Hocam, varis tedavileri ağrılı mıdır?
Varis tedavileri sanılanın aksine ağrılı değildir. Çağdaş varis tedavileri son derece konforlu tedavilerdir. Varisli damarların tamamen çıkarılarak yapıldığı eski yöntemlerde ağrı vardı. Hastalar birkaç gün hastanede kalır birkaç hafta da evde istirahat ederlerdi. Oysa günümüzde en ciddi varis durumlarında bile hastalarımızı birkaç saatte ya da saatler içinde taburcu ediyoruz.
Hocam varisler tekrarlar mı?
Tedavi ettiğimiz varislerde tekrarlama olmaz. Günümüzde hastalarımızın tanısında ve tüm tedavilerinde renkli Doppler Ultrasonografi kullanıyoruz. Böylece tüm damarları görerek tedavi ediyoruz. Ama şunu da akılda tutmakta fayda var; varis genetik bir hastalıktır. Tedavi esnasında varis olmayan alanlardan yeni varisler tabii ki olabilir. Biz bu genetik dezavantajı hastalarımızı yakın takiple aşıyoruz. En geç yılda bir kez hastalarımızı kontrole çağırıyoruz. Yeni oluşan bir varis var ise tedavisi klinik şartlarında dakikalar içinde yapabiliyoruz. Gerçekten de hem ülkemizden hem de yurt dışından hastalarımız kontrollerine gelirler ve kontrollerine düzenli gelen hastalarımız yıllarca problemsiz bacakları ile mutlu yaşarlar.
Son olarak söylemek istediğiniz bir şey var mı?

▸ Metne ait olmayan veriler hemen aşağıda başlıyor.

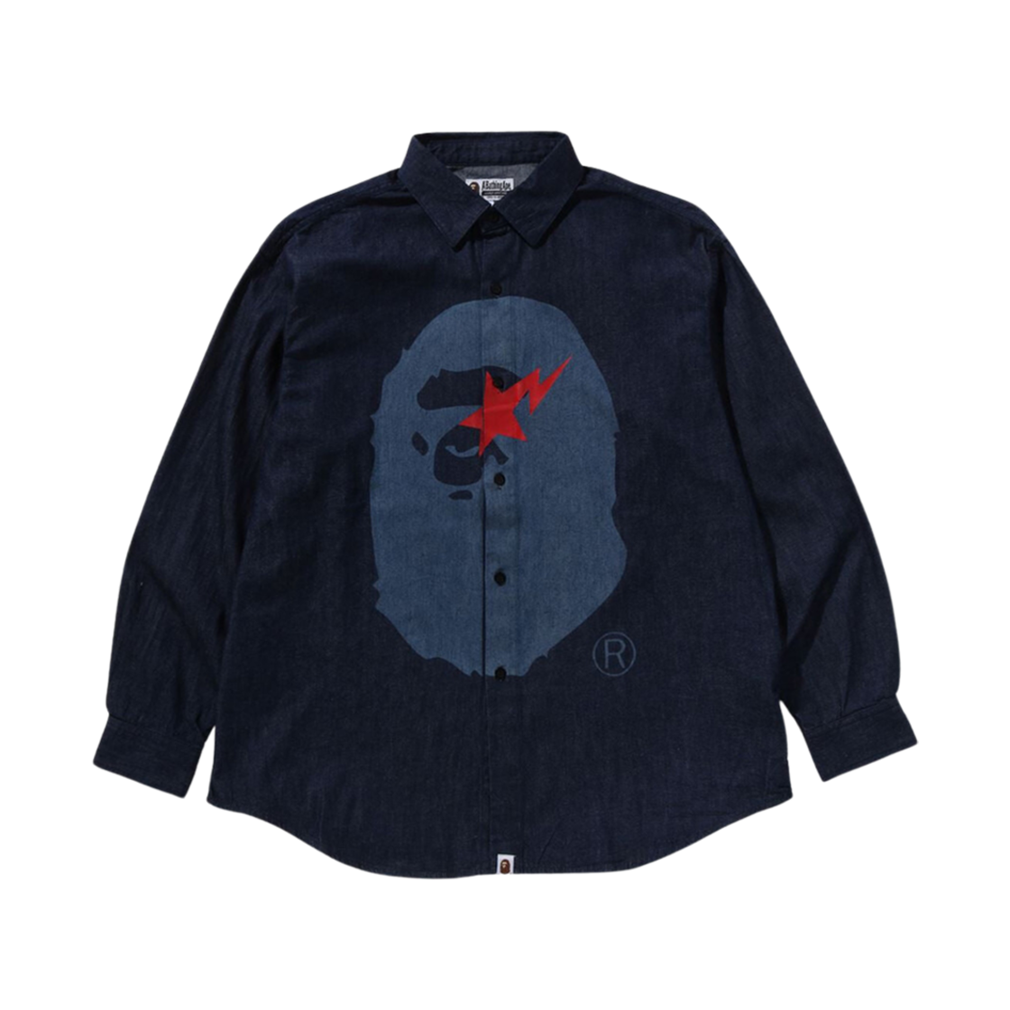 베이프 STA 에이프 헤드 릴렉스드 핏 데님 롱슬리브 셔츠 인디고

Hastalarımızdan aldığımız geri dönüşler bizi çok mutlu ediyor. Özellikle tedaviden çekinen, korkuları olan hastalarımızdan tedavi sonrası ‘Bu kadar rahat olacağını bilseydim şimdiye kadar beklemezdim hocam, boşuna beklemişim…’ cümlesini çok duyarım. Bir de varisleri nedeniyle daha önce elbise giyemeyen kadın hastalarımızın varis tedavisi sonrası elbiselerini giyerek bize teşekküre gelmeleri sık bir durumdur. Bu da bizi çok mutlu ediyor.